= Hao Huang (mathematician) =

Chinese mathematician and computer scientist

Hao Huang (黄皓 (Huáng Hào)) is a Chinese mathematician known for solving the sensitivity conjecture. Huang is currently an associate professor in the mathematics department at National University of Singapore.

Huang received a B.S. degree in mathematics at Peking University in 2007. He obtained his Ph.D. in mathematics from his dissertation titled Various Problems in Extremal Combinatorics from the University of California, Los Angeles (UCLA) in 2012 advised by Benny Sudakov. His postdoctoral research was done at the Institute for Advanced Study in Princeton, New Jersey and DIMACS at Rutgers University in 2012–2014, followed by a year at the Institute for Mathematics and its Applications at the University of Minnesota. Huang then became an assistant professor from 2015 to 2021 in the Department of Mathematics at Emory University.

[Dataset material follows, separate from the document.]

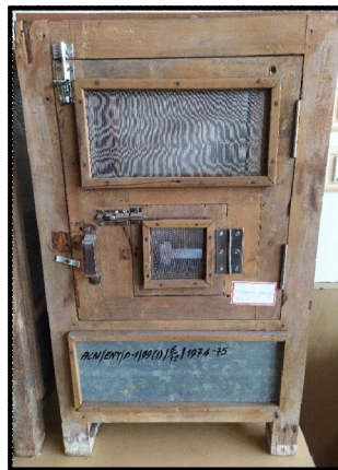
Fig. 2 : Oviposition cage.

In July 2019, Huang announced a breakthrough, which gave a proof of the sensitivity conjecture. At that point the conjecture had been open for nearly 30 years, having been posed by Noam Nisan and Mario Szegedy in 1992. Huang has received positive attention for his discovery, as theoretical computer scientist Scott Aaronson described, "I find it hard to imagine that even God knows how to prove the Sensitivity Conjecture in any simpler way than this."

Huang received an NSF Career Award in 2019 and a Sloan Research Fellowship in 2020.